--- RECORDED DATA ---
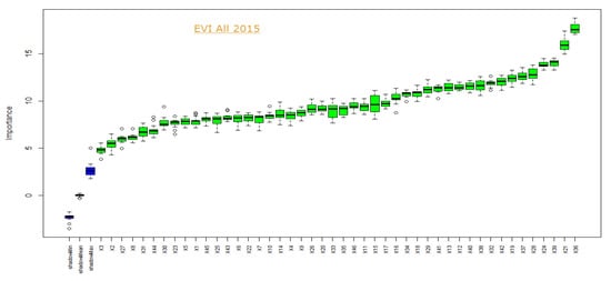 The result obtained from image reduction using random forest based Boruta algorithm evinced that all of the images were important for the classification, with image band X36 being the most important and X3 the least important of all 46 EVI images (Figure 7). X1, X2, … X46 represent the images of DOY 1, 8, 16, … 357 of 2015. The most important 24 images for EVI using Boruta, 21 images determined by visual interpretation of the graph plot (Figure 3a) and the most important 24 images for NDVI using Boruta have been presented in Table 4. The image sequence is in order of importance. Interestingly, out of the 12 most important images selected by Boruta (first row of Table 4), 10 images were also present in the subset of 21 images derived from the graphical analysis presented in the third and fourth row of Table 4 and highlighted with bold character. The NDVI had a different hierarchy of importance with image X24 being the most important one.
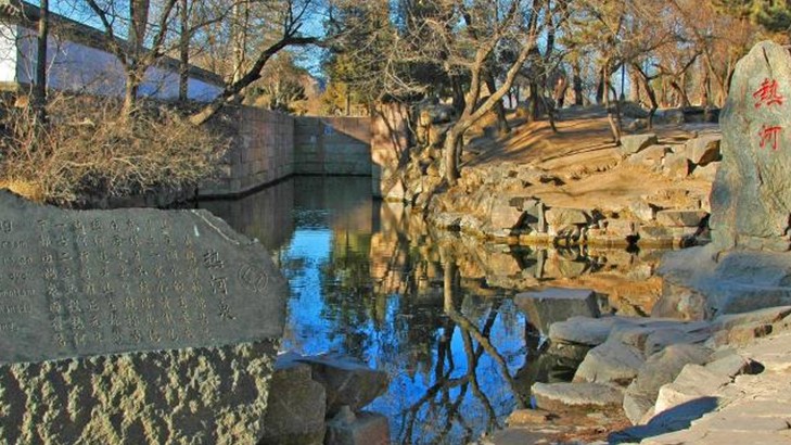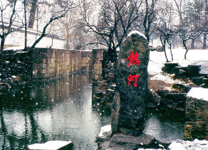 位于避暑山莊湖區(qū)東北隅,是山莊湖泊的主要水源。清澈的泉水從地下涌出,流經(jīng)澄湖、如意湖、上湖、下湖,自銀湖南部的五孔閘流出,沿長(zhǎng)堤匯入武烈河。熱河全長(zhǎng)700多米,在一般地圖上找不到它有蹤跡。它是中國(guó)最短的河流。熱河發(fā)源于避暑山莊諸泉的一條涓涓細(xì)流,主要水源來(lái)自熱河泉。冬季水溫為8℃。泉側(cè)有巨石,刻“熱河”兩字。
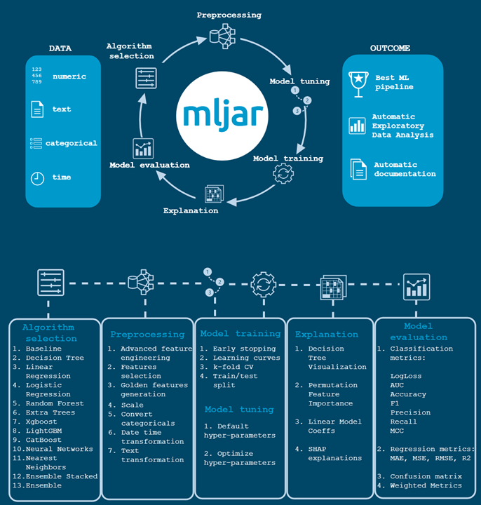 Description The mljar-supervised is an Automated Machine Learning Python package that works with tabular data. It is designed to save time for a data scientist. It abstracts the common way to preprocess the data, construct the machine learning models, and
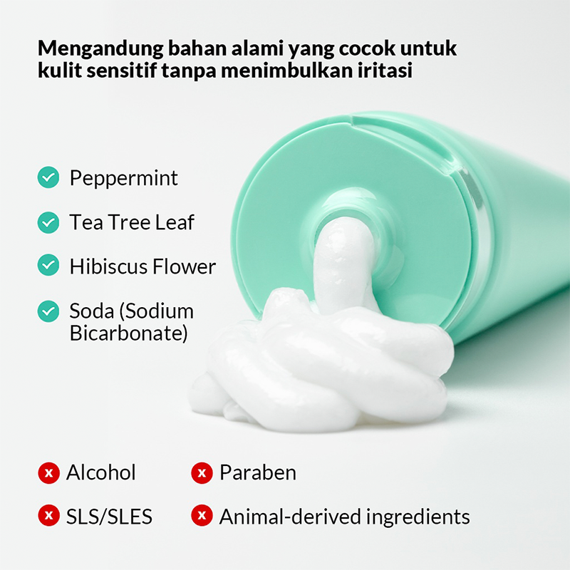 Water, PEG-8, Stearic Acid, Myristic Acid, Potassium Hydroxide, Glycerin, Lauric Acid, Palmitic Acid, Butylene Glycol, Glyceryl Stearate SE, Polyquaternium-7, Arachidic Acid, PEG-14M, Disodium EDTA, Fragrance(Parfum), Oleic Acid, Sodium Benzoate, Caprylyl Glycol, Silica, Sodium Bicarbonate, Sodium Hyaluronate, Kaolin, Melaleuca Alternifolia (Tea Tree) Leaf Oil, Hibiscus Sabdariffa Flower Extract, Mentha Piperta (Peppermint) Extract, 1,2-Hexanediol

--- PROBLEM REQUIREMENTS ---
Between and including the line above that contains "位于避暑山莊湖區(qū)東北" and the line that contains "Description The mljar-supervised", restate every line word for word. Pictures stay out.

--- ANSWER FOR THE TASK ---
 位于避暑山莊湖區(qū)東北隅,是山莊湖泊的主要水源。清澈的泉水從地下涌出,流經(jīng)澄湖、如意湖、上湖、下湖,自銀湖南部的五孔閘流出,沿長(zhǎng)堤匯入武烈河。熱河全長(zhǎng)700多米,在一般地圖上找不到它有蹤跡。它是中國(guó)最短的河流。熱河發(fā)源于避暑山莊諸泉的一條涓涓細(xì)流,主要水源來(lái)自熱河泉。冬季水溫為8℃。泉側(cè)有巨石,刻“熱河”兩字。
 Description The mljar-supervised is an Automated Machine Learning Python package that works with tabular data. It is designed to save time for a data scientist. It abstracts the common way to preprocess the data, construct the machine learning models, and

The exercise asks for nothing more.